Guatemalan president takes office amid asylum deal controversy

Alejandro Giammattei has not stated his position on contentious deal that allows US to send asylum seekers to Guatemala.

Giammattei
Giammattei is sworn in during his inauguration ceremony at the National Theater in Guatemala City [Johan Ordonez/AFP]

Guatemala City – Guatemala‘s new president was sworn in on Tuesday amid protests against the outgoing leader and uncertainty over the future of an asylum deal with the United States.

Alejandro Giammattei, a doctor and former prison system director from the right-wing Vamos party, was sworn in for a four-year term on Tuesday night.

“This is the moment to rescue Guatemala from the absurd. It is the moment to combat corruption and malnutrition,” Giammattei said in his first speech as president.

“We will govern with decency, with honourability, and with ethical values,” he said.

Giammattei apologised for keeping guests waiting at the inauguration, which began five hours late largely due to complications and delays in the congressional transition earlier in the day.

He also reiterated several key campaign pledges. His promised presidential anti-corruption commission would be established at the outset of his presidency and his administration would soon present several legislative proposals, including reforms to designate street gangs as “terrorist” groups.

Giammattei takes over from the tumultuous presidency of Jimmy Morales, who kicked out a popular UN-backed anti-corruption commission after he and his party were accused of illegal campaign financing. He has denied any wrongdoing.

US asylum deal

The Morales administration also came under fire for signing an asylum cooperation agreement with the US last July. The deal allows the US to send asylum seekers from third countries to Guatemala, forcing them to request asylum there or return home.

The deal has been widely criticised in Central America and the US. Guatemala is now the top country of origin for migrants and asylum seekers apprehended at the US southern border. Tens of thousands flee violence, poverty and persecution in Guatemala every year.

“If they send us to Guatemala, they are sending us back to potential death,” Edwin*, a 37-year-old Honduran asylum seeker currently in Mexico with his family after fleeing extortion and death threats last year told Al Jazeera.

The US has sent more than 120 Honduran and Salvadoran asylum seekers to Guatemala since the implementation of the controversial agreement began last November. US officials have claimed they may also send Mexican asylum seekers to Guatemala, but Morales claimed he had not agreed to that.

Giammattei does not yet have a clear position on the asylum cooperation deal. He initially criticised the way in which it came about and stated he would consider reforms. But during the entire five-month transition period, he called on Morales to share the agreement and annexe documents with him.

On Monday, a day before he took office, Giammattei said he still had not been given the documents. As soon as his team received and analysed them, he would announce his position, he added.

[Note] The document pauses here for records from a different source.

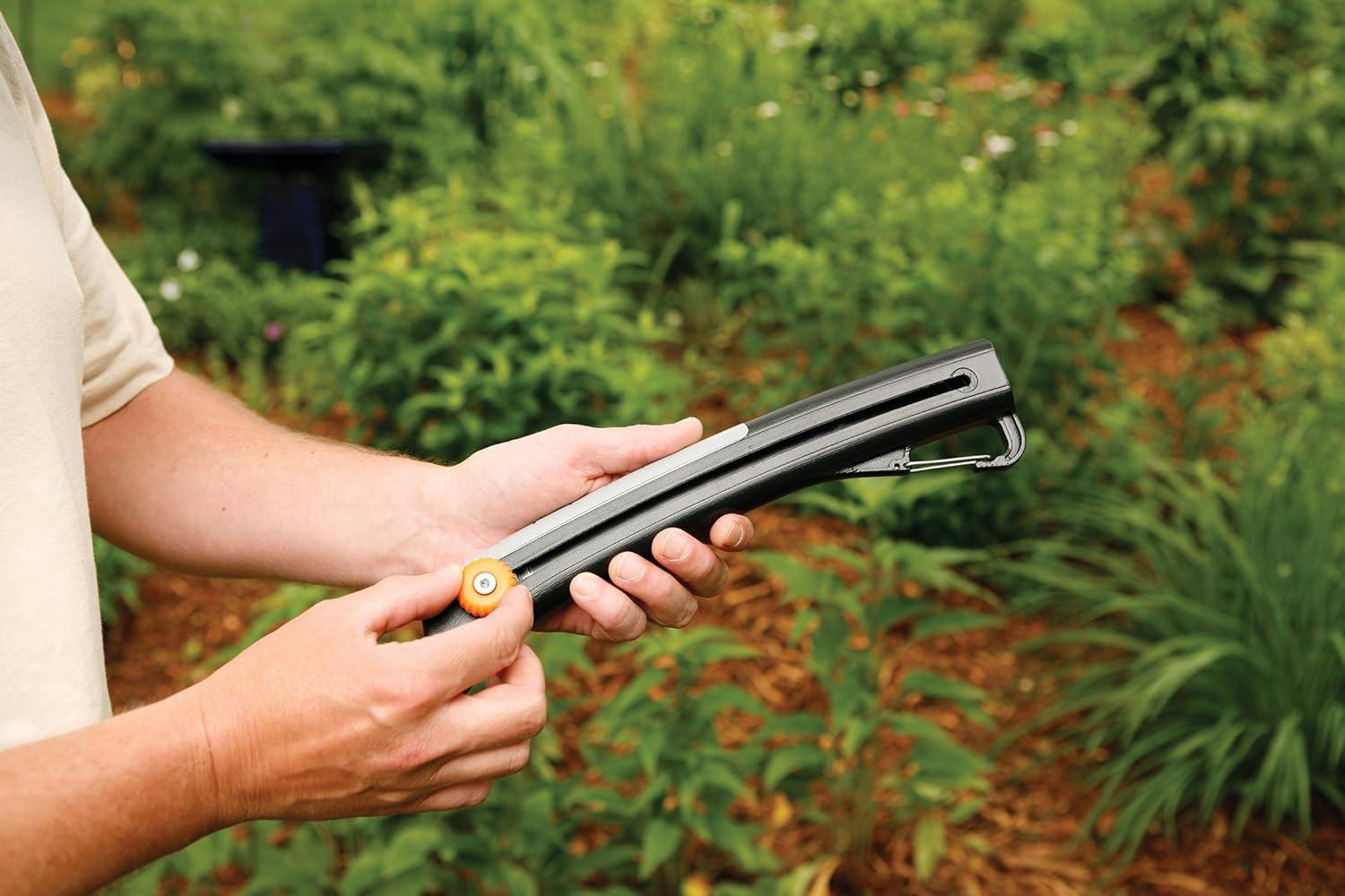 Product Description Fiskars Power Tooth Sliding Carabiner Saw is a great choice for anyone on the go. A razor-sharp, triple-ground Power Tooth blade cuts wood on the pull and push stroke to help you cut through branches with speed and efficiency, and the fully hardened, rust-resistant steel blade stays sharp longer than others. When you're done, the blade slides into the tough DuraFrame handle for safe transportation and storage. For comfortable use, a Softgrip handle pad helps reduce hand fatigue. You can even use the built-in carabiner clip to attach this saw to your belt, so it's always easy to access when you need it. From the Manufacturer A convenient variation of top-selling original, this versatile saw is big enough to tackle 4-Inch branchens, then slides into a handy carabiner handle that clips conveniently to belt or tool bag. The 10-Inch Power Tooth stainless steel blade cuts on the push and pull stroke for quick, clean, healthy cuts. When the job is done, simply slide the blade safely into the sturdy, lightweight Fiber Comp handle.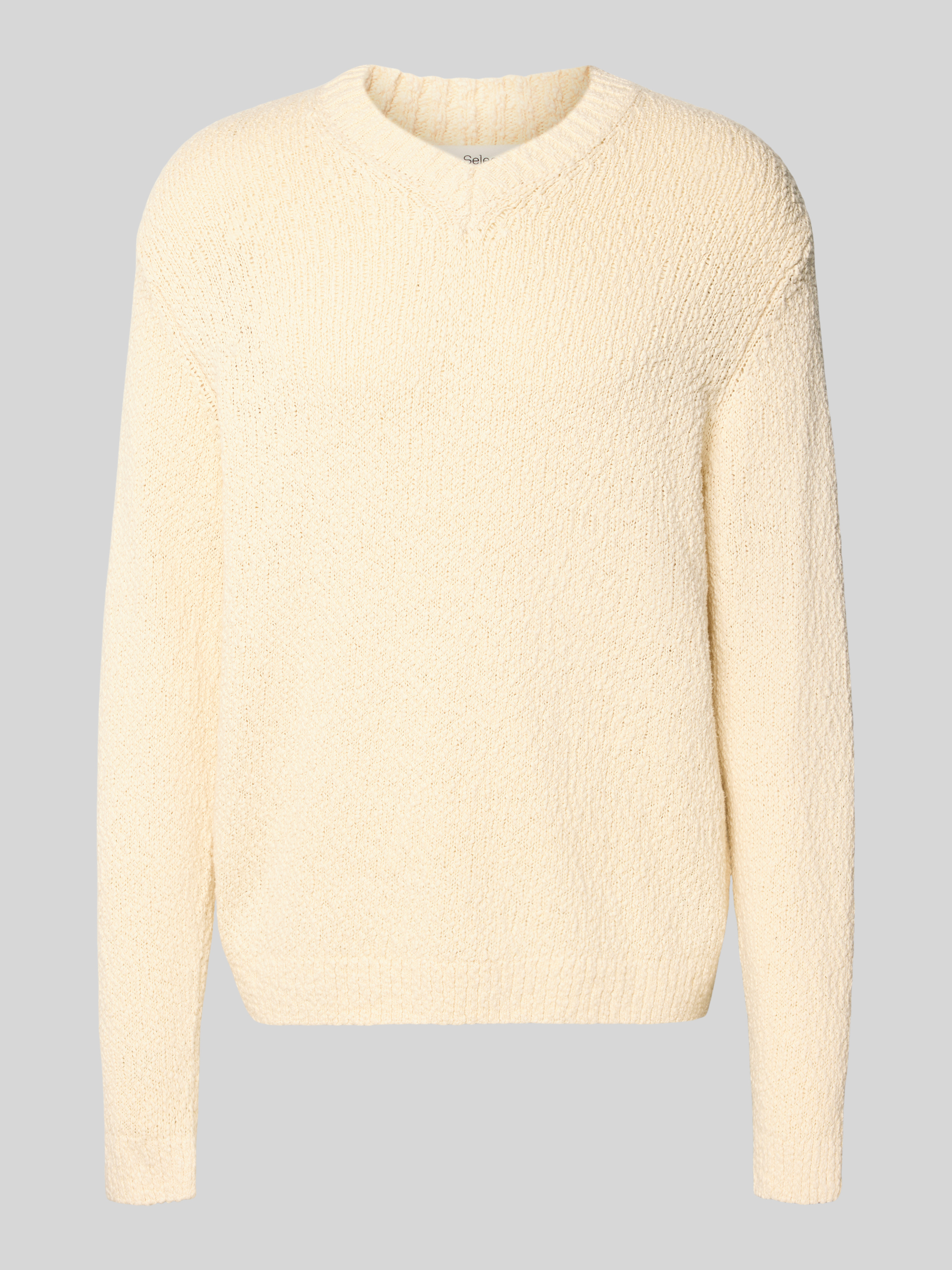 SELECTED HOMMERegular Fit Strickpullover aus reiner Bio-Baumwolle Modell 'Angus' in offwhite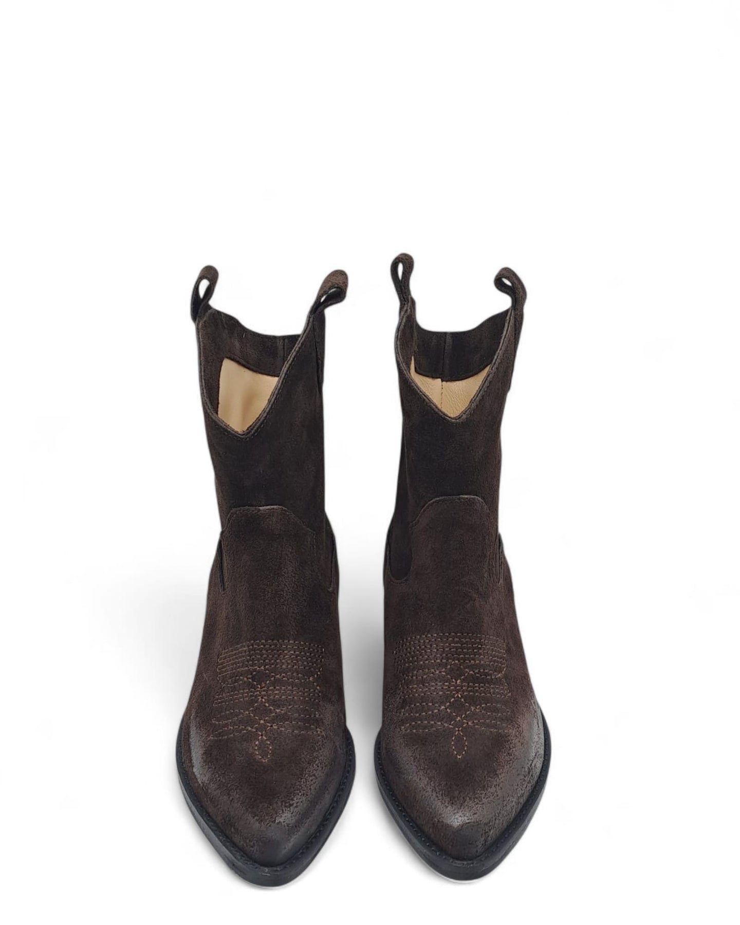 Texano basso realizzato in camoscio testa di moro con ricamo . Contattaci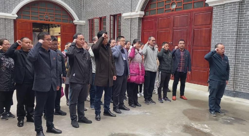 以邹进贤同志为书记的中共綦江支部,是重庆有确切记载的最早党支部,也是整个四川最早的三个党组织之一。全体党员同志在中共綦江支部旧址面对党旗重温入党誓词、重忆入党经历、重问入党初心。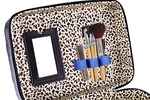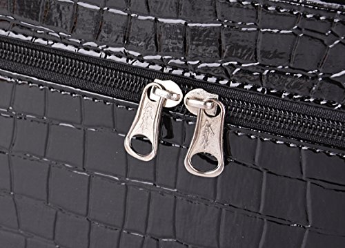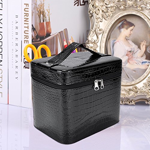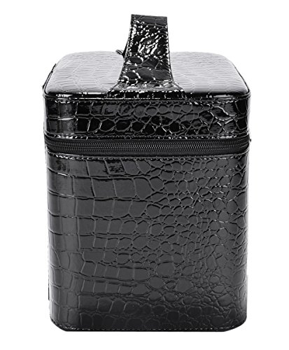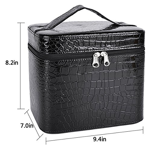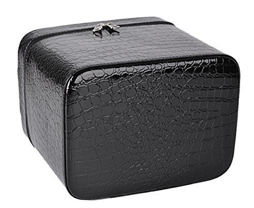 Coofit Beauty Box Crocodile Pattern Leather Makeup Case for Women Large Black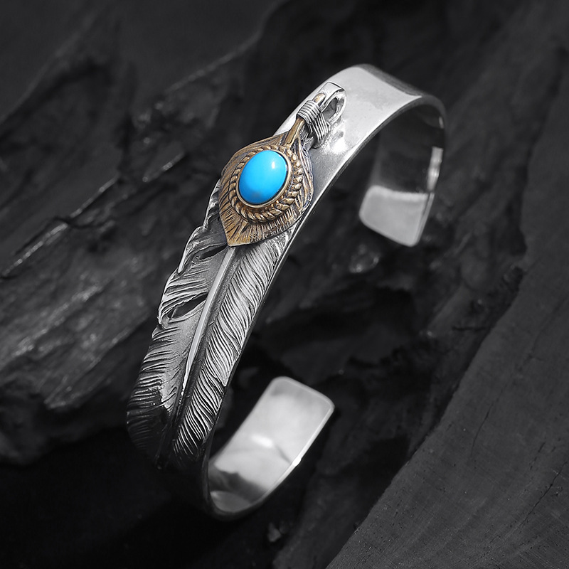 泰银复古手镯 s925纯银羽毛手环goros 高桥吾郎男女士商务首饰品
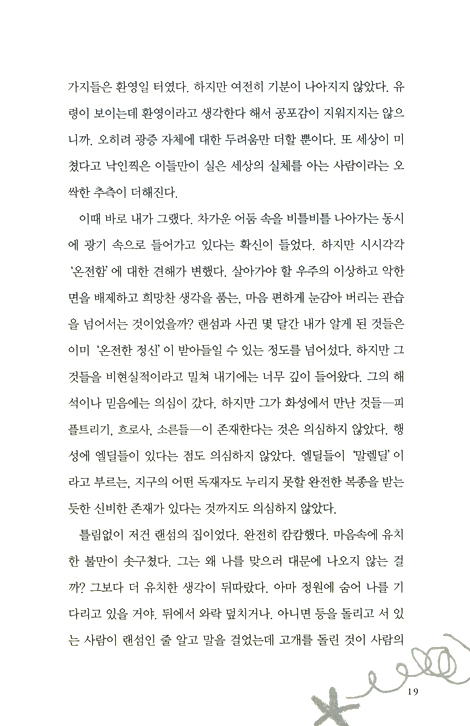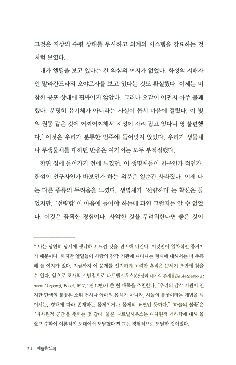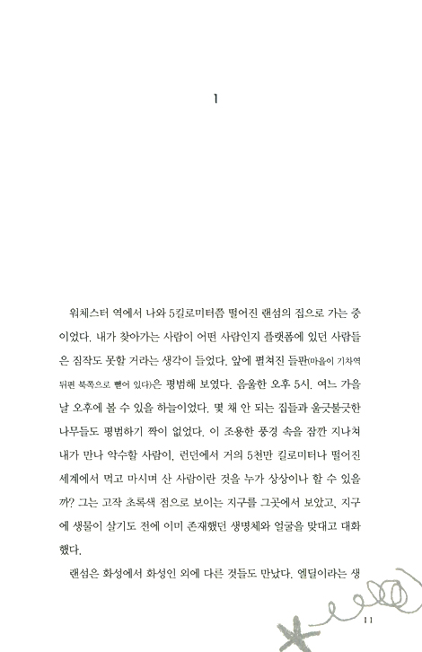 3킬로미터쯤 떨어진 곳에 누르께한 초록색 물 위로 검고 둥그런 작은 물체가 있었다. 지구의 바다였다면 첫눈에 부표로 여겼을 터였다. (중략) 실제 이름은‘말라칸드라’지만 인간들은 화성이라고 부르는 세계에 랜섬이 다녀왔다는 이야기는 여러분도 이미 들어서 안다. 하지만 그를 그곳에 데려간 것은 엘딜들이 아니라 인간들이었다. 그들은 그를 강제로 유리와 쇠로 만든 우주선에 태워 납치했는데, 그들은 말라칸드라의 권력자들이 인간을 제물로 요구한다고 생각한 것이다. 모든 것은 오해였다. 태초부터 화성을 지배한 위대한 오야르사(랜섬의 전원주택에서 내 눈으로 봤던)는 그를 해하지 않았고 그럴 의도도 없었다. 하지만 납치를 주도한 웨스턴 교수는 그를 크게 해치려 했다. 그는 현재 지구에서 유행하는 행성 간 협회나 로켓공학클럽의‘과학화’라는 모호한 작업 아이디어에 사로잡힌 사람이었다. (중략) 대단한 물리학자인 그는 우주선을 만들 수 있는 원동력을 발견했다. 이제 페렐란드라의 순결한 물에 떠 있는 저 작고 검은 물체는 시시각각 더 우주선처럼 보이고 있었다. ‘그래, 내가 여기 온 이유가 이거로군. 웨스턴은 말라칸드라에서 실패하고 이제 여기 온 거야. 뭔가 조치를 취해야 해.’
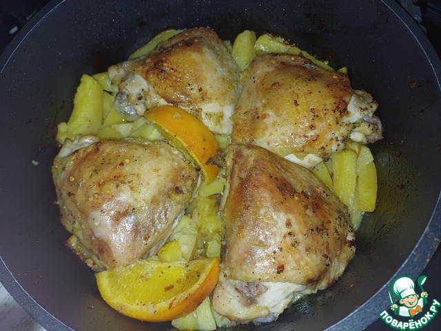 Форму смазать маслом, выложить картофель. Посолить, поперчить. Выложить сверху на картофель ломтики апельсина. -

Giammattei met on Tuesday morning with US officials in Guatemala who were there to attend his inauguration. The small delegation included Chad Wolf, Acting Secretary of the Department of Homeland Security, the agency behind the asylum deal and similar agreements in the works with Honduras and El Salvador.

“The United States remains committed to working with President [Giammattei] and his cabinet to continue progress on security and stability in the region,” Wolf tweeted on Tuesday.

International attention remains focused on Giammattei, but for many Guatemalans, the importance of the inauguration was that it ended Morales’ term, and with it, his immunity from prosecution.

“There is profound indignation for the actions of his government,” longtime social movement activist Brenda Hernandez told Al Jazeera.

Hernandez and other protesters rallied all day outside the Central American Parliament headquarters to call for Morales’ immediate arrest for corruption before he could regain immunity upon induction into the regional body.

*The individual’s name has been changed to protect their identity.